[ACTION ITEM]: What is needed is an exact reproduction of the listing, without its pictures.

[MATERIALS PROVIDED]:
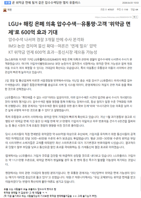 곧 위약금 면제 될거 같은 압수수색당한 엘지 유플러스
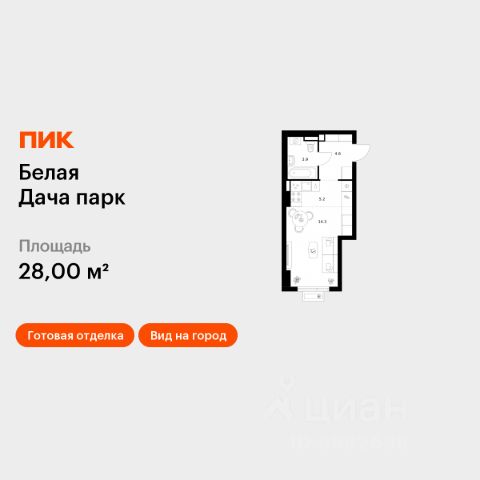 Продаётся квартира-студия площадью 19,9 кв.м на 11 этаже 15 этажного дома (Корпус 16.2, Секция 6) проекта ПИК Белая Дача парк. Светлый просторный подъезд на уровне земли, функциональная планировка, большие окна, c отделкой. "Белая Дача парк" — новый проект в Московской области, в городе Котельники. Квартал расположен в 2 километрах от МКАД и в 7 минутах на автомобиле от метро "Котельники". Уже сейчас вы можете приобрести квартиры с отделкой в готовых и строящихся корпусах. На территории квартала будут построены 22 дома, две школы, поликлиники и пять детских садов. Один из центральных элементов проекта — широкий пешеходный бульвар, где мы создали пространства для спорта, прогулок и отдыха. Яркой точкой притяжения стал ПлейХаб "Ферма" — масштабная игровая зона с домом-мельницей, искусственным ручьём и развивающими элементами для детей. В 2024 году ПлейХаб стал победителем "Всероссийской премии лучших проектов создания игровой среды" и получил награду "Лучшая реализация игровой площадки среди девелоперских проектов". Рядом с кварталом много магазинов и развлекательных центров: "МЕГА Белая дача" и гипермаркет "Глобус". До Люберецких карьеров можно добраться на машине за 9 минут, а до парка "Кузьминки" — за полчаса. Артикул 1008765 (Застройщик АО "СЗ "Новый Горизонт") Продается квартира-студия в Котельниках.
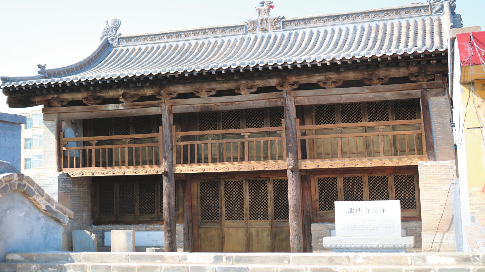北西力大寺位于定襄縣晉昌鎮(zhèn)北西力村中,坐北朝南,東西長(zhǎng)11.1米、南北寬8.4米,占地面積約93平方米。據(jù)梁架題記記載為明萬(wàn)歷四十三年(1615)所建。該寺沿中軸線原建有山門、過(guò)廳、正殿,兩側(cè)建有東西配房?,F(xiàn)僅存正殿,為二層樓閣式結(jié)構(gòu),面寬三間,進(jìn)深四椽,前設(shè)廊,單檐懸山頂,五檁架結(jié)構(gòu)。二層廊前兩側(cè)有人物壁畫約4平方米。2015年8月25日公布為市級(jí)文物保護(hù)單位。
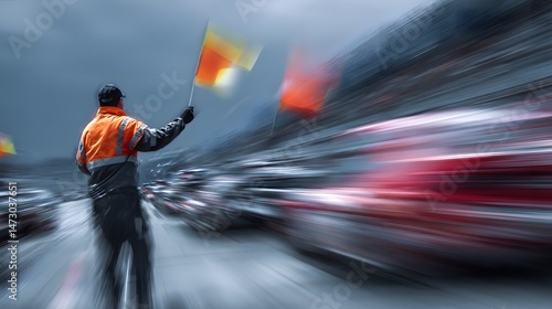 A race marshal waves the flags as the cars speed past on a racing circuit track.
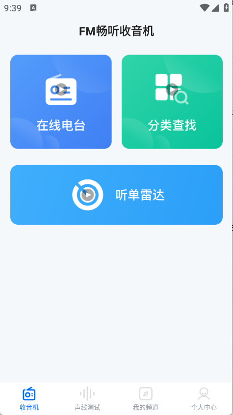 FM畅听收音机,涵盖了很多的广播电台,包含收音机、在线电台以及听歌雷达等,所有的音频都是免费畅听的,可以通过关键词进行精准查找,无论身在何处都可以畅听全国各地的音乐电台,为用户带来纯金的收听体验。

[SOLUTION TO THIS TASK]:
 곧 위약금 면제 될거 같은 압수수색당한 엘지 유플러스
 Продаётся квартира-студия площадью 19,9 кв.м на 11 этаже 15 этажного дома (Корпус 16.2, Секция 6) проекта ПИК Белая Дача парк. Светлый просторный подъезд на уровне земли, функциональная планировка, большие окна, c отделкой. "Белая Дача парк" — новый проект в Московской области, в городе Котельники. Квартал расположен в 2 километрах от МКАД и в 7 минутах на автомобиле от метро "Котельники". Уже сейчас вы можете приобрести квартиры с отделкой в готовых и строящихся корпусах. На территории квартала будут построены 22 дома, две школы, поликлиники и пять детских садов. Один из центральных элементов проекта — широкий пешеходный бульвар, где мы создали пространства для спорта, прогулок и отдыха. Яркой точкой притяжения стал ПлейХаб "Ферма" — масштабная игровая зона с домом-мельницей, искусственным ручьём и развивающими элементами для детей. В 2024 году ПлейХаб стал победителем "Всероссийской премии лучших проектов создания игровой среды" и получил награду "Лучшая реализация игровой площадки среди девелоперских проектов". Рядом с кварталом много магазинов и развлекательных центров: "МЕГА Белая дача" и гипермаркет "Глобус". До Люберецких карьеров можно добраться на машине за 9 минут, а до парка "Кузьминки" — за полчаса. Артикул 1008765 (Застройщик АО "СЗ "Новый Горизонт") Продается квартира-студия в Котельниках.
北西力大寺位于定襄縣晉昌鎮(zhèn)北西力村中,坐北朝南,東西長(zhǎng)11.1米、南北寬8.4米,占地面積約93平方米。據(jù)梁架題記記載為明萬(wàn)歷四十三年(1615)所建。該寺沿中軸線原建有山門、過(guò)廳、正殿,兩側(cè)建有東西配房?,F(xiàn)僅存正殿,為二層樓閣式結(jié)構(gòu),面寬三間,進(jìn)深四椽,前設(shè)廊,單檐懸山頂,五檁架結(jié)構(gòu)。二層廊前兩側(cè)有人物壁畫約4平方米。2015年8月25日公布為市級(jí)文物保護(hù)單位。
 A race marshal waves the flags as the cars speed past on a racing circuit track.
 FM畅听收音机,涵盖了很多的广播电台,包含收音机、在线电台以及听歌雷达等,所有的音频都是免费畅听的,可以通过关键词进行精准查找,无论身在何处都可以畅听全国各地的音乐电台,为用户带来纯金的收听体验。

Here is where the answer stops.